Dado que sempre contemplaram sua literatura sob o signo da eternidade, não parece demasiado estranho enviar-lhe uma carta (Borges, faz dez anos). Se alguma vez algum contemporâneo pareceu destinado à imortalidade literária, este era o senhor. O senhor era em grande medida o produto de seu tempo, de sua cultura e, no entanto, sabia como transcender seu tempo, sua cultura, de uma forma que resulta bastante mágica. Isto tinha algo a ver com a abertura e a generosidade, próprias de sua atenção. Era o menos egocêntrico, o mais transparente dos escritores... e também o  mais artístico. Também tinha algo a ver com uma pureza natural de espírito. Ainda que tenha vivido entre nós durante um tempo bastante prolongado, aperfeiçoou as práticas do fastio e da indiferença, que também o converteram num viajante-especialista mental em outras eras. Tinha um sentido do tempo diferente dos demais.
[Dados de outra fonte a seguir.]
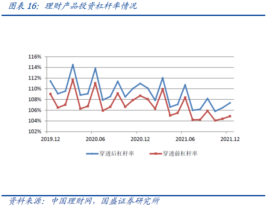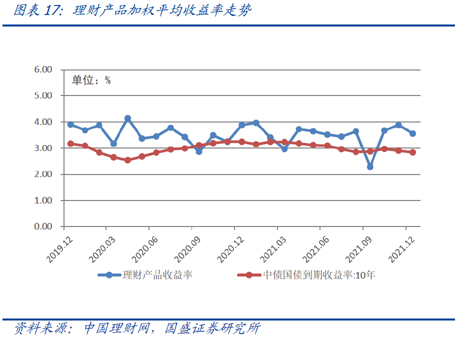 理财产品杠杆率小幅下降,收益率相对保持平稳。2018年9月银保监会发布《商业银行理财业务监督管理办法》,规定商业银行每只开放式公募理财产品的杠杆水平不得超过140%,每只封闭式公募理财产品、每只私募理财产品的杠杆水平不得超过200%。商业银行计算理财产品总资产时,应当按照穿透原则合并计算理财产品所投资的底层资产。2021年底理财产品投资资产合计31.19万亿,理财产品杠杆率107.37%,较上年同期减少3.63个百分点。去年12月理财产品加权平均年化收益率3.55%,较上年同期减少34BP,高出10年期国债收益率72BP,收益率相对较平稳。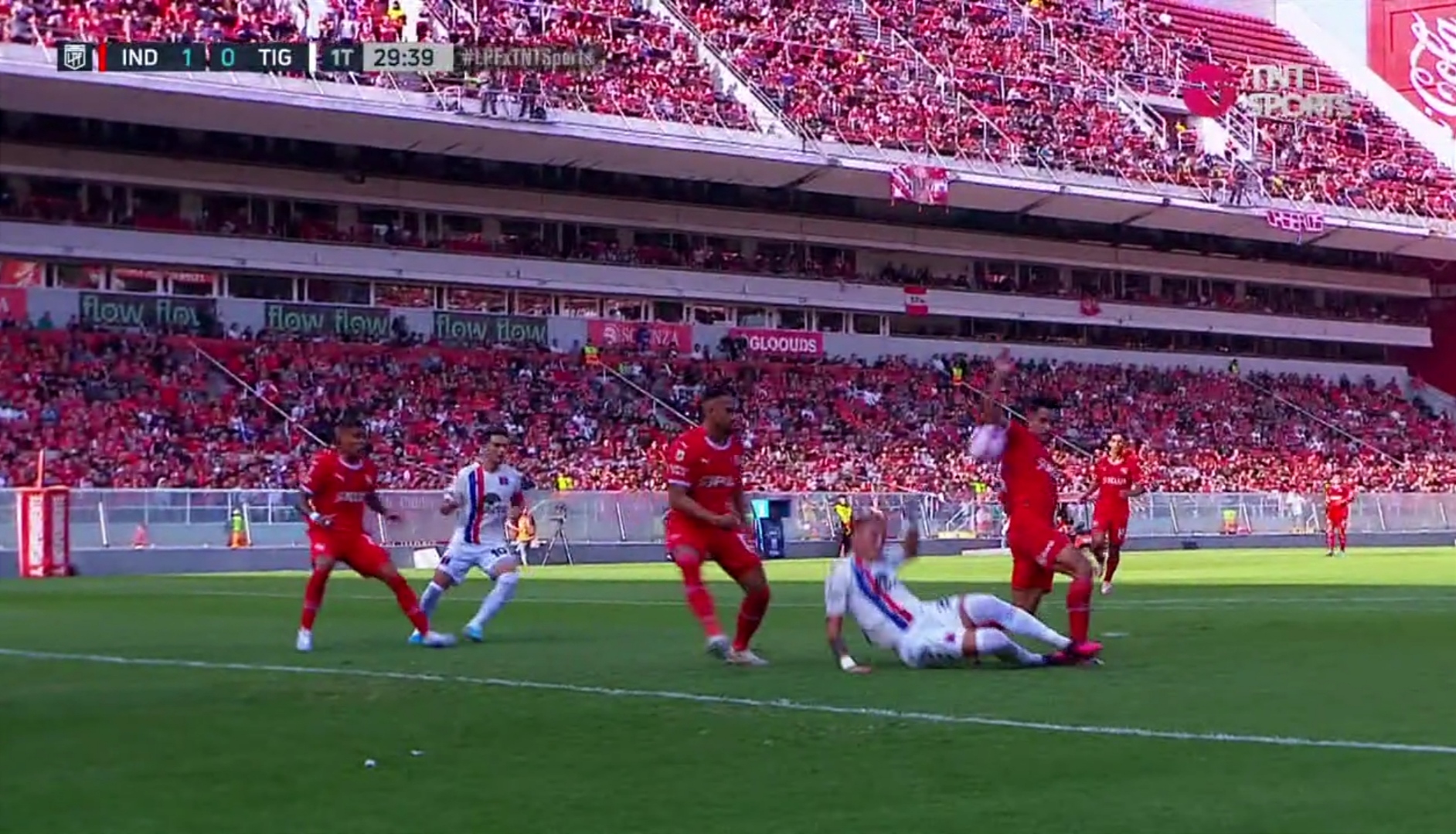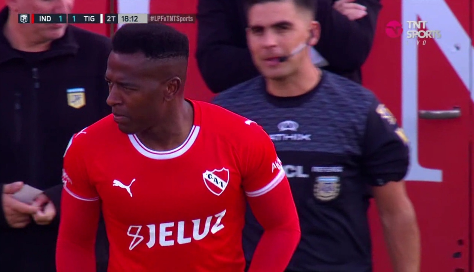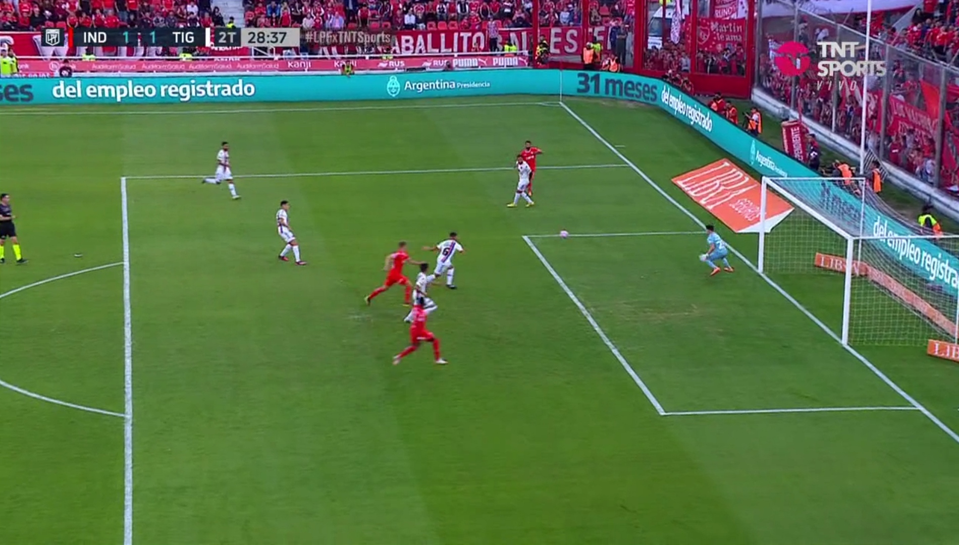El Matador siguió siendo dominado por el equipo de Zielinski, pero de a poco iba equilibrando la posesión. A pesar de que el local era más fuerte con y sin pelota, Tigre se las arregló para generar una ocasión que terminaría en polémica: Al 25' hay un centro al área de Independiente que pelean Sergio Barreto y Mateo Retegui. Nazareno Arasa, en principio, sancionó fuera de juego, pero tras revisar en el VAR, determinó que hay una mano de Barreto dentro del área, lo que da lugar al penal. Máxima pena a favor del cuadro visitante que pone el 1-1.

As idéias comuns de passado, presente e futuro pareciam banais sob seu olhar. O senhor gostava de dizer que cada momento do tempo contém o passado e o futuro, citando (se bem me lembro) o poeta Browning, que escreveu algo assim como "o presente é o instante no qual o futuro se derruba no passado". Isso, sem dúvida, era expressão de sua modéstia: seu contentamento em encontrar suas idéias nas idéias de outros escritores.

Essa modéstia se inseria na segurança de sua presença. O senhor era um descobridor de novas alegrias. Um pessimismo tão profundo, tão sereno como o seu, não necessitava da indignação. Melhor fosse inventivo... e o senhor era, sobretudo, inventivo. A serenidade e a transcendência do ser que o senhor encontrou, são para mim exemplares. O senhor demonstrou de que maneira a infelicidade não precisa ser uma necessidade, ainda que a perspicácia e o esclarecimento não nos livrem do terror de tudo isso. Em algum momento o senhor disse que um escritor - acrescentando delicadamente: todas as pessoas - deve pensar que qualquer coisa que lhe suceda, será um recurso. 
(Estava falando da sua própria cegueira).

O senhor foi um grande recurso para outros escritores. Em 1982 – quer dizer, quatro anos antes de morrer (Borges, faz dez anos!) – eu disse numa entrevista: "Hoje não existe nenhum outro escritor vivente que importe mais a outros escritores que Borges. Muitos diriam que é o maior escritor vivente... São muito poucos escritores de hoje que dele não aprenderam ou o não o imitaram". E isso continua sendo assim.  Ainda continuamos aprendendo com o senhor. 
Ainda continuamos a imitá-lo. O senhor ofereceu às pessoas novas maneiras de imaginar, ao mesmo tempo que reiterava, aqui e acolá, nossa dívida com o passado, sobretudo com a  literatura. O senhor disse que devemos à literatura praticamente tudo o que somos e o que fomos. Se os livros desaparecerem, desaparecerão a história e também os seres humanos.Estou convencida de que tem razão. Os livros não são apenas a soma arbitrária de nossos sonhos e de nossa memória. Também nos fornecem o modelo da autotranscendência. Alguns pensam que a leitura é somente uma forma de escapismo: um escape do cotidiano "real" a um mundo imaginário, o mundo dos livros. Os livros são muito mais do que isso.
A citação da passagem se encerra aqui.